Fig. 1 Model schematic of the key elements of intracellular zinc ion homeostasis. The key elements that control the steady state cytosolic free zinc ion concentration and modulate zinc ion transients in cultured rat cortical neurons are illustrated. Red dots represent zinc ions. (A) Steady state cytosolic free zinc ion concentrations are maintained at picomolar to single digit nanomolar concentrations primarily by the buffering action of cytosolic zinc ion-binding proteins that include metallothionein (MT). MT is illustrated with 5 of 7 zinc ion binding sites occupied at steady state. The store is illustrated at steady state with a small amount (relative to its total capacity) of zinc inside and a slow leak. Also illustrated is a zinc ion sensor protein that is unoccupied at steady state but which will bind zinc ions when the cytosolic free concentration increases sufficiently (see B). ZnAF-2F is a fluorophore that allows the experimenter to measure and image both the steady state and spatial and temporal characteristics of zinc ion transients using microfluorometry. ZnAF-2F will increase fluorescence output when bound to zinc ions (see B). (B) Net zinc ion influx is increased as a way to illustrate the functioning of muffling reactions and zinc ion sensing under non-steady state conditions. With an increase in fluorescence ZnAF-2F reports that cytosolic free zinc ion levels are changing as a result of zinc ion influx. Free zinc ions are shuttled to the intracellular store by muffling reactions, which require that zinc ions are first bound to MT or other zinc-binding proteins and then transferred to the store. The store begins to fill with zinc ions. The muffling reactions dampen the zinc ion transient and are responsible for its temporal and spatial characteristics. If cytosolic free zinc ion concentrations reach a sufficiently high level, zinc ions will bind to zinc ion sensors in the cytoplasm. Zinc ion sensors discovered to date are transcription factors that upon binding zinc ions translocate to the nucleus and effect changes in the expression of genes encoding zinc homeostatic proteins.

Cytosolic zinc-binding proteins—focus on metallothionein (MT)

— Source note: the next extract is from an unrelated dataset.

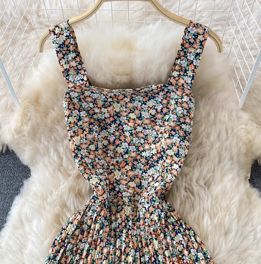 2025 new French floral dress sweet fairy suspender long skirt holiday knee-length pleated dress R0376

As soluble cytosolic zinc-binding proteins are thought to be key mediators of steady state cytosolic zinc ion buffering and muffling reactions, knowledge of their macroscopic and microscopic binding constants for zinc ions is critical for beginning to understand their functions. It seems that the zinc-binding constants for known intracellular zinc proteins are all within a narrow range.^10,70 In fact, we propose that they need to be in such a range in order to keep steady state cytosolic free zinc ions within narrow limits while not disrupting the functions of other metal ions. How narrow is this range? Zinc-binding studies with peptides demonstrate that regardless of the coordination environment provided by the four amino acid ligands of histidine (N) and/or cysteines (S) (N₂S₂, NS₃ or S₄), similar binding constants pertain at physiological pH,⁷¹ albeit the binding constants are highly pH-dependent. Information about the binding constants for zinc enzymes is limited, but they also seem to be in the single digit picomolar range regardless of the coordination environment.⁷² From these considerations one would expect cytosolic free zinc ion concentration to be in the picomolar range. Actually, a measured cytosolic free zinc ion concentration in the range of hundreds of picomolar seems to be optimal, because cytosolic free zinc ions should be 1–2 orders of magnitude higher than the affinity of zinc for proteins in order to keep them saturated with zinc.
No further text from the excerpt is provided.